-- Exercise details --
The material below is to be copied exactly from the line with "MIMIKA – Dalam" up to and including the line with "一张封神太少,那就来个十张吧 在雪山下租了一个院子 那天去倒垃圾的路上偶遇一片花海", with nothing else kept and no pictures.
Top of Data provided
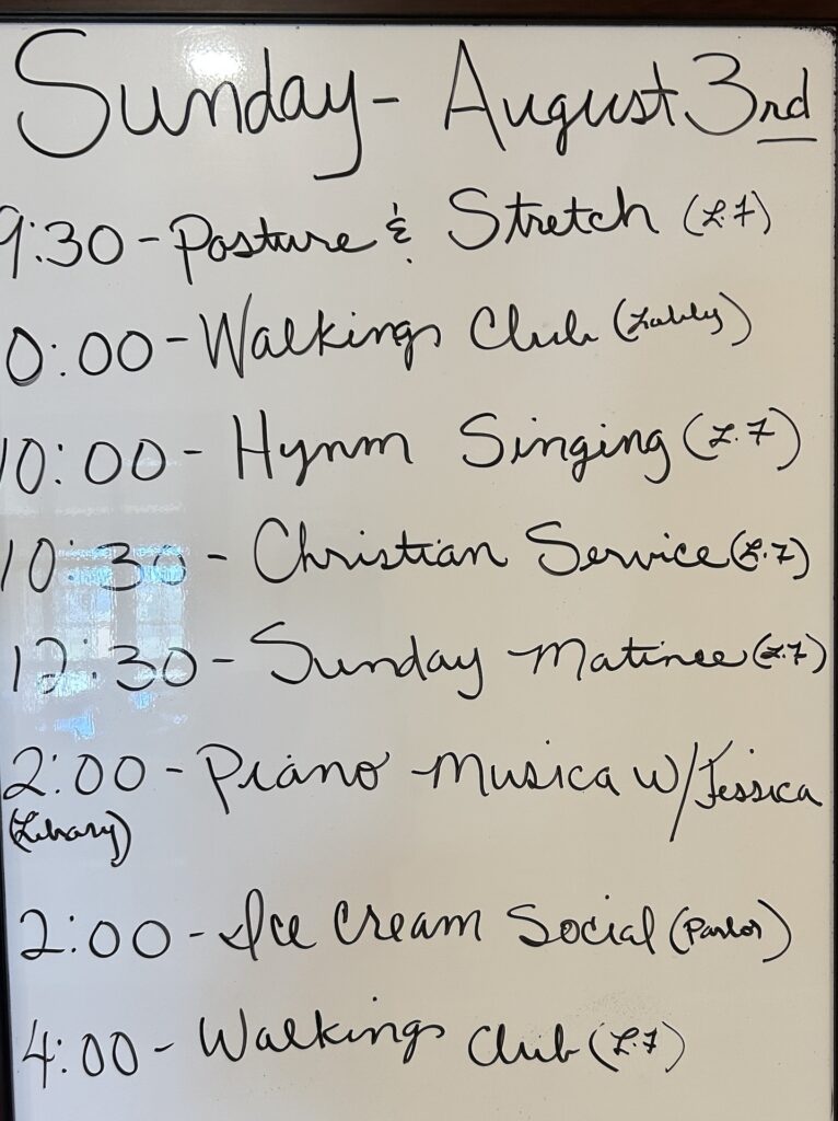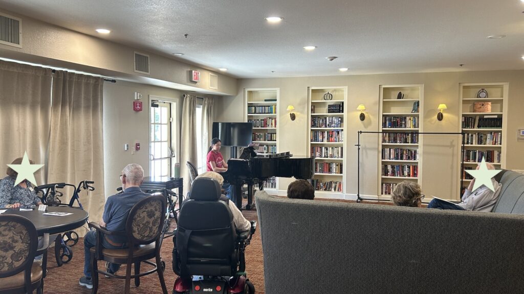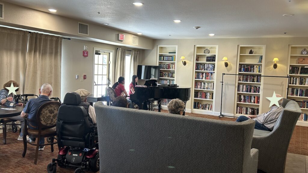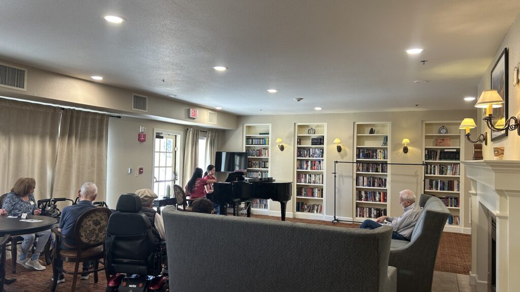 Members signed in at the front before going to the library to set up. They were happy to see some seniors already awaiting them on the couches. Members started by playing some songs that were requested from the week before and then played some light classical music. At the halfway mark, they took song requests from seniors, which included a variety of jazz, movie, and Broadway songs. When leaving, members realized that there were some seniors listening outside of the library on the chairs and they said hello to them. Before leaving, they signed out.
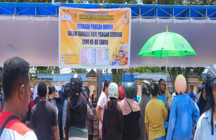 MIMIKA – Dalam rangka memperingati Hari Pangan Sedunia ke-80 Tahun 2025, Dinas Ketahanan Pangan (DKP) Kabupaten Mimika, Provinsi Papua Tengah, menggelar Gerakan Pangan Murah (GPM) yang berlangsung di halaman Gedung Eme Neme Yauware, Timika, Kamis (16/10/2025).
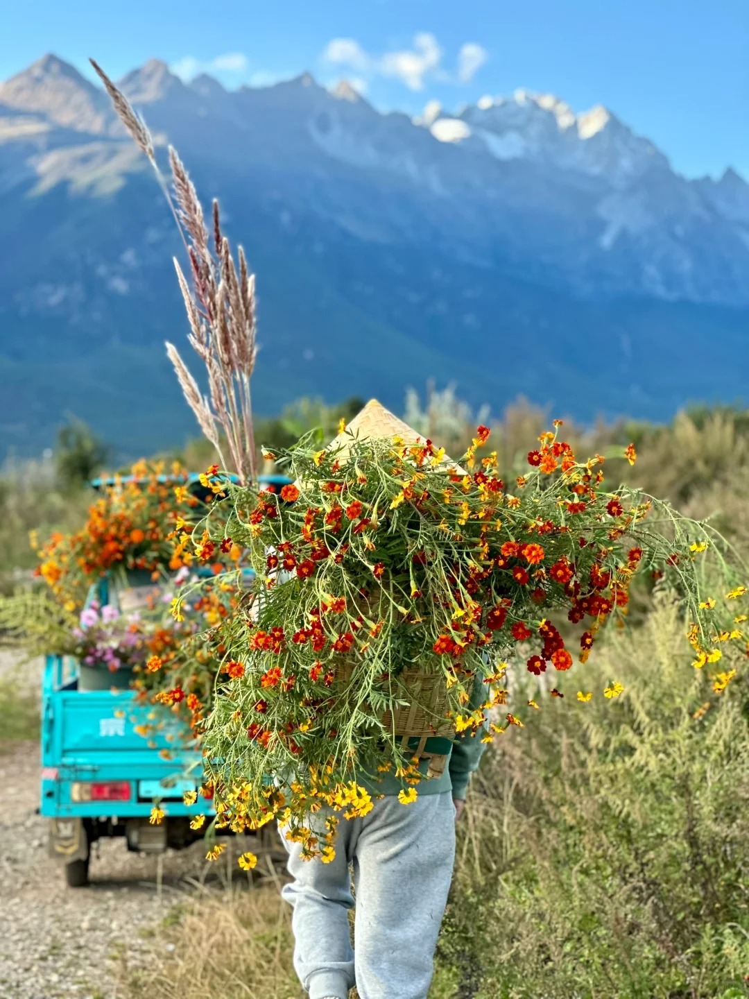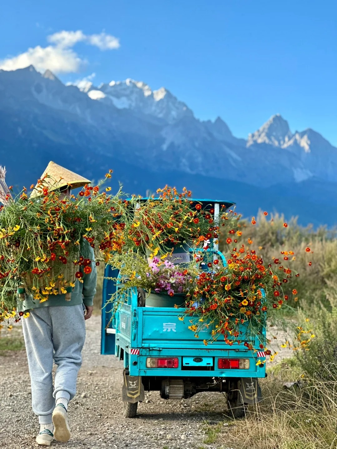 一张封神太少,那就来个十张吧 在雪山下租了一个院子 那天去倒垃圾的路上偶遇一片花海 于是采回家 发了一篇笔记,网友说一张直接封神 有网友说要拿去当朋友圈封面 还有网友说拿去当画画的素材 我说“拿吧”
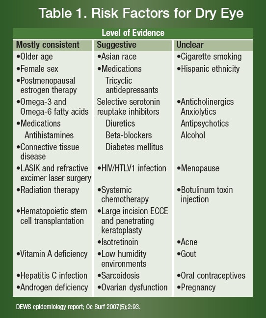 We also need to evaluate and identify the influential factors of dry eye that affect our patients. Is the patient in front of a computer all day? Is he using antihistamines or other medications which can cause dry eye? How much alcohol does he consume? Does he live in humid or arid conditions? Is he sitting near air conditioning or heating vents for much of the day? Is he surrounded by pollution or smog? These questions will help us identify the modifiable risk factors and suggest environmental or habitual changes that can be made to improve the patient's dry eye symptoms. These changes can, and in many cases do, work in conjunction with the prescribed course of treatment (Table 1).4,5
Bottom of Data provided
-- Exercise output --
 MIMIKA – Dalam rangka memperingati Hari Pangan Sedunia ke-80 Tahun 2025, Dinas Ketahanan Pangan (DKP) Kabupaten Mimika, Provinsi Papua Tengah, menggelar Gerakan Pangan Murah (GPM) yang berlangsung di halaman Gedung Eme Neme Yauware, Timika, Kamis (16/10/2025).
 一张封神太少,那就来个十张吧 在雪山下租了一个院子 那天去倒垃圾的路上偶遇一片花海 于是采回家 发了一篇笔记,网友说一张直接封神 有网友说要拿去当朋友圈封面 还有网友说拿去当画画的素材 我说“拿吧”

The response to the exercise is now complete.